The second direction that we intend to explore is associated with the approach we developed with Sembrant et al. [16]. It reduces the number of instructions waiting in the instruction queues for the applications benefiting from very large instruction windows. Instructions are dynamically classified as ready (independent from any long latency instruction) or non-ready, and as urgent (part of a dependency chain leading to a long latency instruction) or non-urgent. Non-ready non-urgent instructions can be delayed until the long latency instruction has been executed; this allows to reduce the pressure on the issue queue. This proposition opens the opportunity to consider an asymmetric microarchitecture with a cluster dedicated to the execution of urgent instructions and a second cluster executing the non-urgent instructions. The microarchitecture of this second cluster could be optimized to reduce complexity and power consumption (smaller instruction queue, less aggressive scheduling...)
Speculative execution.
Out-of-order (OoO) execution relies on speculative execution that requires predictions of all sorts: branch, memory dependency, value...
The PACAP members have been major actors of the branch prediction research for the last 20 years; and their proposals have influenced the design of most of the hardware branch predictors in current microprocessors. We will continue to steadily explore new branch predictor designs as for instance [18].
In speculative execution, we have recently revisited value prediction (VP) which was a hot research topic between 1996 and 2002. However it was considered up to recently that value prediction would lead to a huge increase in complexity and power consumption in every stage of the pipeline.

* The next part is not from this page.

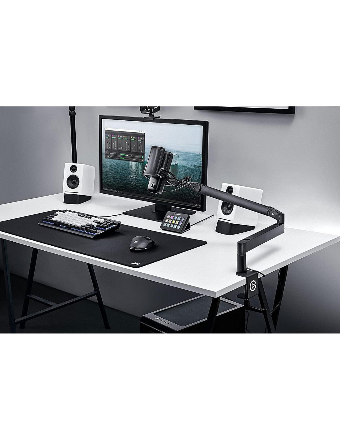 Un brazo de boom de calidad de estudio para tu micrófono premium, el Wave Mic Arm LP se sitúa por debajo de la línea de los hombros para una vista sin obstrucciones. La rotación horizontal de 360 grados y la rotación vertical de 90 grados permiten la máxima maniobrabilidad. Los canales de cable integrados con cubiertas magnéticas mantienen tu configuración ordenada, mientras que los adaptadores de rosca aseguran la compatibilidad con montajes de micrófono estándar. En la caja Wave Mic Arm LP 1/4"" a 3/8"" y 1/4"" a 5/8"" adaptadores llave Allen guía de inicio rápido especificaciones técnicas alcance horizontal: 740 mm / 29.1 clearance del brazo inferior del escritorio: 70 mm / 2.8 in clearance del brazo superior del escritorio: 160 mm / 6.3 in rotación horizontal: 360 grados (base y codo) rotación vertical: 90 grados hacia arriba / 60 grados hacia abajo (codo) abrazadera de escritorio: expandible hasta 60 mm / 2.4 in carga máxima: 2 kg / 4.4 lbs (micrófono y accesorios)

Fortunately, we have recently shown that complexity usually introduced by value prediction in the OoO engine can be overcome [12], [11], [19], [9]. First, very high accuracy can be enforced at reasonable cost in coverage and minimal complexity [12]. Thus, both prediction validation and recovery by squashing can be done outside the out-of-order engine, at commit time. Furthermore, we propose a new pipeline organization, EOLE ({Early | Out-of-order | Late} Execution), that leverages VP with validation at commit to execute many instructions outside the OoO core, in-order [11]. With EOLE, the issue-width in OoO core can be reduced without sacrificing performance, thus benefiting the performance of VP without a significant cost in silicon area and/or energy. In the near future, we will explore new avenues related to value prediction. These directions include register equality prediction and compatibility of value prediction with weak memory models in multiprocessors.
Towards heterogeneous single-ISA CPU-GPU architectures
Heterogeneous single-ISA architectures have been proposed in the literature during the 2000's [56] and are now widely used in the industry (ARM big.LITTLE, NVIDIA 4+1...) as a way to improve power-efficiency in mobile processors. These architectures include multiple cores whose respective microarchitectures offer different trade-offs between performance and energy efficiency, or between latency and throughput, while offering the same interface to software. Dynamic task migration policies leverage the heterogeneity of the platform by using the most suitable core for each application, or even each phase of processing. However, these works only tune cores by changing their complexity. Energy-optimized cores are either identical cores implemented in a low-power process technology, or simplified in-order superscalar cores, which are far from state-of-the-art throughput-oriented architectures such as GPUs.
We propose to investigate the convergence of CPU and GPU at both architecture and compilation levels.
Architecture.
The architecture convergence between Single Instruction Multiple Threads (SIMT) GPUs and multicore processors that we have been pursuing [36] opens the way for heterogeneous architectures including latency-optimized superscalar cores and throughput-optimized GPU-style cores, which all share the same instruction set. Using SIMT cores in place of superscalar cores will enable the highest energy efficiency on regular sections of applications. As with existing single-ISA heterogeneous architectures, task migration will not necessitate any software rewrite and will accelerate existing applications.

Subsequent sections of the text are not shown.